In line with the objectives of maximizing cost effectiveness and overall production, the well may be fairly sophisticated in terms of architecture. For example, the well may be tens of thousands of feet deep, traversing various formation layers, and zonally isolated throughout. That is to say, packers may be intermittently disposed about tubing such as production tubing which runs through the well so as to isolate various well regions or zones from one another. Thus, production may be extracted from certain zones through the production tubing, but not others. Indeed, the particular zones from which production is sought may change over the life of the well as the production profile changes. Additionally, production tubing may ultimately terminate adjacent a production region where it is generally anchored or immobilized in place thereat by a mechanical packer, irrespective of any other zonal isolation thereabove.
In the majority of circumstances, the packers utilized to achieve the zonal or terminal isolations noted are mechanical packers that may be “set” in a variety of different manners. That is, as opposed to swell packers that are made up of a swellable elastomer which achieves an isolating seal over a period of time, mechanical packers are deployed to a target location and then driven to expand and seal at the location. The triggering of this setting is generally achieved with a setting tool which includes a hydraulic piston in communication with compressible features of the packer. Specifically, a stroking of the piston may be used to forcibly actuate the packer into setting engagement with a casing defining the well wall. This may include teeth or slips of the packer as well as seal members engaging the wall for sake of anchoring and sealing at the location.

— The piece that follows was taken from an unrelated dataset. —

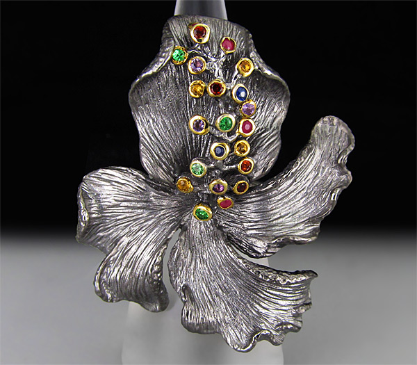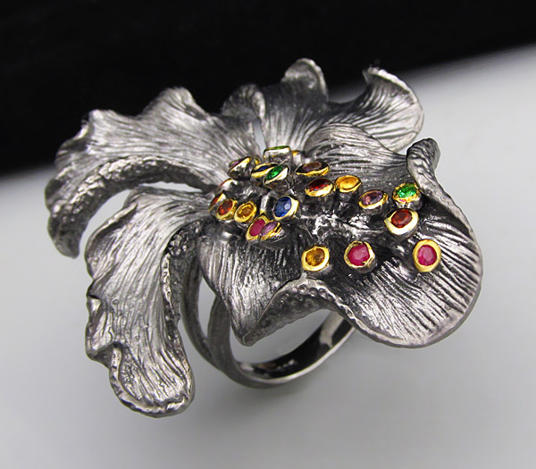 Кольцо из черненого стерлингового серебра 925 пробы с аметистами, цитринами, разноцветными сапфирами, цаворитами и мозамбикскими гранатами. Вес кольца — 17,7 гр. Площадка кольца — 45×37 мм. Выборочное золочение.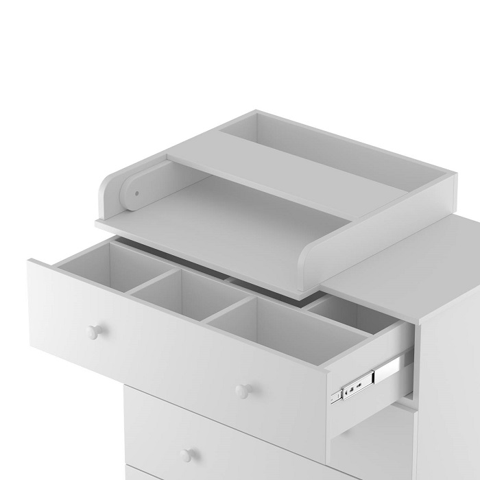 - Верхний комод оснащен органайзером для удобства хранения мелочей и детской косметики.

Different techniques may be utilized which allow an operator at the surface of the oilfield to trigger the setting tool for sake of stroking the piston and setting the packer as noted above. For example, a hydraulic or electric line may run from power equipment at the oilfield surface adjacent the well to allow the operator to trigger the setting action. Unfortunately, this requires the addition of the line running potentially several thousand feet through the well in order to reach the setting tool. Setting aside the added cost of the line, this also means that packer setting is dependent upon potentially several thousands of feet of line remaining reliably unharmed during deployment and exposure to the downhole environment.

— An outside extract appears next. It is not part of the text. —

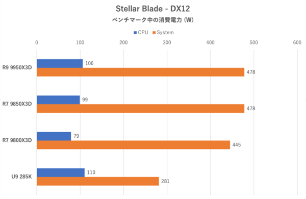 消費電力の傾向もARC Raidersなどと同じである。Core Ultra 9 285Kにおけるシステム全体の消費電力が低いのは、フレームレートが上がらないため、GPUがサボり気味になっていることを示している。

In order to avoid the added expense and potential failure of a line running to a setting tool, the setting tool may be triggered without use of a line. Instead, the operator may make use of fluid pressure in the well to direct the setting tool to initiate setting of the packer at the appropriate time. For example, once the tubing which accommodates the packer is fully installed, a plug may be run through the interior of the tubing and to a location below the packer and setting tool. From the oilfield surface, the operator may then drive up pressure within the tubing to create a predetermined pressure differential between the tubing interior and the annular pressure between the tubing and the well wall. The piston of the setting tool may ultimately be in fluid communication with both the annular space and the interior of the tubing such that once a predetermined differential is reached, the piston may stroke for setting of the packer.
Unfortunately, triggering the setting tool to set the packer by way of pressurizing the interior of the tubing presents another set of potential issues. For example, a plug must be deployed through the interior of the tubing before pressurizing may begin. Indeed, following packer setting, the plug will also be removed so that access to tubing locations further below the packer may be available. This means that a substantial amount of time may be required in added interventional trips for sake of plug installation and retrieval. Once more, the plug, tubing, valves within the tubing and a host of other devices therein may all be of limited pressure tolerances, perhaps under about 5,000 PSI. Thus, in circumstances where the annular pressure outside of the tubing is over 5,000 PSI, the operator would be forced to exceed these tolerances in order to create a sufficient differential for actuating the setting mechanism. In other words, the act of triggering the setting mechanism would be likely to damage the plug, tubing or other internal devices. Indeed, this is increasingly common as wells become deeper and deeper, often displaying annular pressures in excess of 5,000-10,000 PSI or more.
As an alternative to using a differential setting technique as described above, setting tools are available that do not rely on differential pressure for triggering. For example, a hydrostatic set module may rely on pressure supplied solely by the annular space. However, such tools are generally reliable where the annular pressure is below about 10,000 PSI. Thus, as a practical matter, as wells are increasingly of greater depths and pressures, the setting tool often remains tethered to surface equipment for sake of actuation, unable to take advantage of less cumbersome pressure actuating techniques.